Thursday 3 January 2013

Heaven Delayed, Heat Delivered


Heaven Delayed, Heat Delivered

       by Puggerladder


bottoms up
bottoms down
to the sky
to the ground
you get on
don't you dare
off when other's
still in air

Pears with their bottoms blunted from the unbearable heat pressing upwards and plowing them down to earth, as eventually they do fall. Why pears, you may well ask, you who, too, have studied literature and the art of writing suggestive economy. Pears, womb stories, poems. The word "vagina" need not be spoken. The penis here remains unmentioned. Sperm and their hazardous perambulation require no recounting. Fellatio, cunnilingus, normally precedent to literary acts of womb, neatly stay put in our quiet memories. Thrusting, jabbing, pulsing, lashing, driving, lunatic pelvic mustering, need not enter our picture. Breathless speech, often of the most unpredictable sort and subject, specifying cravings with an exactness unheard of in ordinary conversation, extant as a rule in good salacious figuring, now stands out of earshot of the text. Yes learners, pear blunts our bottoms, too, despite the absence of, as well as in the presence of, heat.
       That's where she got "plow" from, did H.D. From "Piers Plowman." Blunt the pears, plow the earth.

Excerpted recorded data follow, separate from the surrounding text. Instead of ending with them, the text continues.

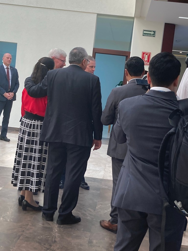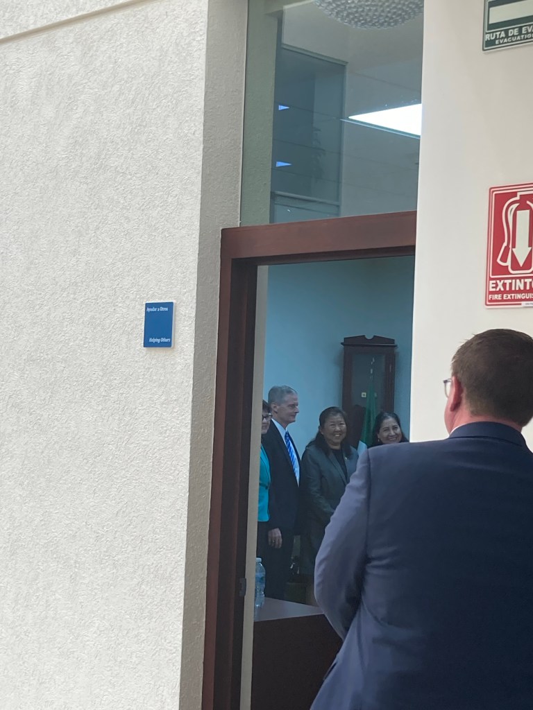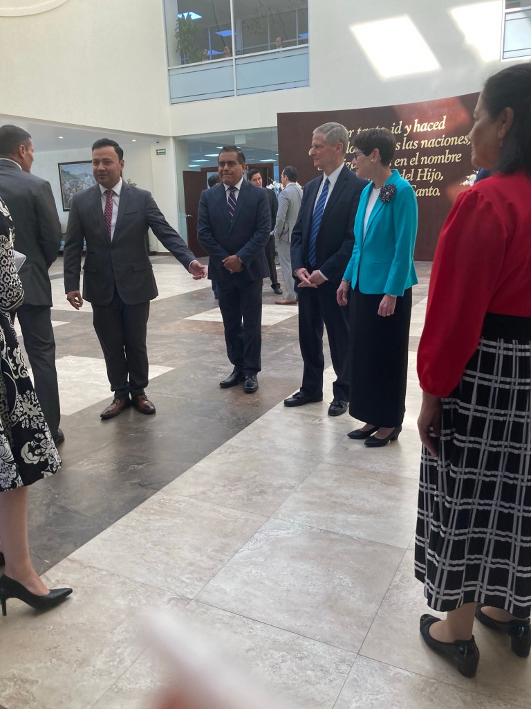 El recorrido fue muy hermoso. Yo no tenía la intención de estar presente en todo momento pero al ofrecerle mi ayuda al hermano Michael de Church News me pidió que lo acompañara para ayudarle con cosas de su cámara y como él era el fotógrafo, tenía que seguirlo a todas partes. De esta forma pude estar mucho tiempo con el grupo. El élder Bednar y los embajadores se reunieron con pequeños grupos de misioneros que iban tanto a Nicaragua como a Filipinas. Me dio mucho gusto que los misioneros de Filipinas a quienes había ayudado con sus visa una semana atrás estuvieran ahí, realmente creo que es un milagro que haya coincidido que ellos estuvieran ahí. Tanto la embajadora de Filipinas como el embajador de Nicaragua estaban encantados con los jóvenes y les ofrecieron apoyo durante su estancia en México.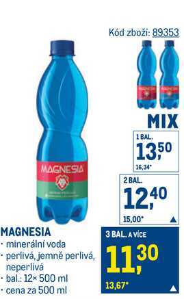 Aktuální slevu na MAGNESIA minerální voda perlivá, jemně perlivá, bal 12× 500 ml cena za 500 ml zjistíte jednoduše nastavením Strážce slev .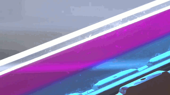 The second culprit, which is only found in the oscillating jet, is a Rayleigh-Taylor instability. By moving the jet side-to-side, you’re driving the dense liquid into less dense air, which creates a different set of disturbances that also help break up the jet. The final result: swinging the jet side-to-side breaks it into smaller droplets faster. (Image and research credit: S. Schmidt et al.)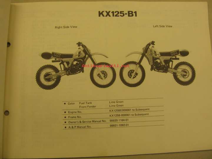 Kawasaki KX125-B ´82 parts catalog -varaosaluettelo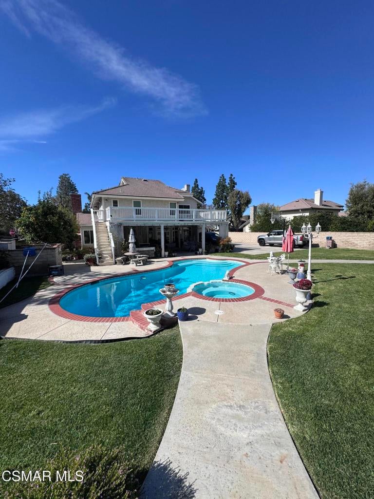This beautiful corner-lot home sits in a quiet, desirable horse property neighborhood and offers 4 bedrooms, 2.5 bathrooms, and 2,310 sq ft of comfortable living space on nearly half an acre. Built in 1990, the home features 3-car garage, all bedrooms upstairs, living room, family room, a welcoming kitchen, and large windows that fill the rooms with natural light. The well-designed kitchen flows seamlessly into the dining and family rooms with a backyard view. The backyard is an entertainer's dream--featuring a sparkling pool, landscaping, RV access, and plenty of room to relax or host gatherings. With so much space, you'll enjoy endless options for outdoor living, gardening, or even future expansion. Don't miss this rare opportunity to own a spacious home with a pool and oversized lot in one of Simi Valley's most sought-after neighborhoods.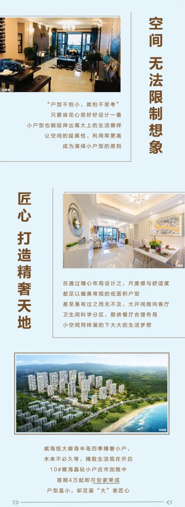 威海恒大御海半岛|10#晶钻小户型,应市加推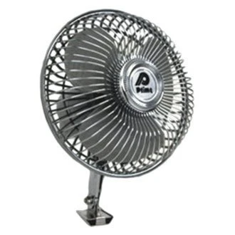 12V DC 1 Speed Fan by Prime Products®. Also features adjustable tilt position and 60 piece chrome fan guard. Complete with wire, switch and mounting bracket for easy installation in a 12V system.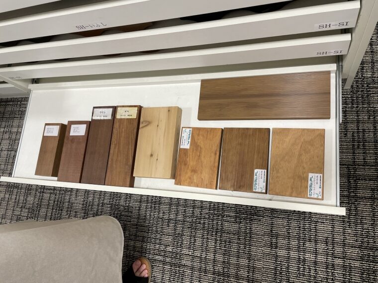 他にも屋根材やウッドデッキ材のサンプルなども置いてありここだけで小一時間潰せそうです笑

Very little is known about Hilda Dolittle except that, according to her mother, she practiced her name. There survives one odd story about her, though, that may well bear repeating, salient as it is to analyses of her work. Her vagina was twisted by a severe blow when she was ten and resulting from a falling bale. Her brother had been building a play fort out of hay bales, as young boys are wont to do, and had it up in height to thirty feet. He was putting on the finishing touches, a roof and some bales on that to keep the boards secure in the wind. Since he was out of sight high up, and H. D. was down below, and since they were a good two hundred yards from home and she had to go so badly, she squatted over a board lying there and watched the liquid as it ran down along the wood.
       She was happily peeing, transgressively as I have said and so with exquisite pleasure, when something happened that she found almost unbearable for the remainder of her life to recount. She later told me, her uncle, whom she trusted with such confidences, that all she heard was a loud whizzing sound from above, and the very next thing something struck her a staggering blow to her bottom. The terrible recoil lifted her bodily up above the ground some twenty feet, knocking her against the bale wall that then began to collapse. She fell back to earth unconscious yet screaming in pain. Her brother, unhurt by the fall despite the great height, landing on hay and incidentally on his sister, frantically dug among the broken bales until after quarter of an hour of hearing distant muffled shouts of "my vagina, my vagina," he found H. D. in a heap under the bottommost bales. She had not been injured by the falling objects but only by the board. This fact the family, reflecting on the matter, eventually concluded.
       The offending hay bale, descending from the full height of the fort ceiling, had narrowly missed H. D. squatting there and landed on the end of the board itself. And being just there a declivity in the earth, the said board, effectively a teeter-totter, leapt up as it were and whacked H. D. such a stroke to her nethers that she found herself forthwith propelled skyward and then hurtled back to earth with resounding force. Her poor, tender vagina, in the very act of secret peeing, got lacerated and hurt by the tragic wood to such an extent that during the next two weeks, in a sort of private agony, it twisted itself into an odd and awkward shape, which meant that H. D. had grave difficulty making water at all in her twenties and thirties. She stopped the habit altogether in her early forties. She died at the slender age of forty-two. When she did pee in those years before her untimely death she found it most successful to lie on her side and do so supine, for that was the direction her vagina now faced. It was upright when it was sideways, poor thing!
       Sideways vaginas are not new in history or literature. On the contrary, a fair number are encountered by the literary traveller. One is to be found in that rascally Gargantua and Pantegruel, shortly after the passage in which the baker curses the shepherds. Another appears in William of Orange's personal letters to her majesty, Queen of England, leaked to the press of the time by some retainer. One sees vaginas bruised and hurt and misshapen also in the book of the Maccabees, if you own a copy of The Holy Bible with the Apocrypha in it, where the lovely Viriam goes to slay the enemy king who is drunk and camping in expectant triumph outside the gates of Davidium, his slobbering soldiery bored and imbibing to pass the time till the entry into and spoilage of that great city. A vagina of unusual proportions due to trauma is furthermore to be discovered in the writings of Augustine of Agrippa, the late second century historian who lacked all decency and modesty, telling as many stories as possible about that specific delicate part of the female person. His actual book on the subject, for those who might be interested, is entitled Pertes Netheres de Femme Inflammé, a  copy of which may be obtained in our local library by filling out a requisite for special titles held in the "Precious Volumes" section of the library archives.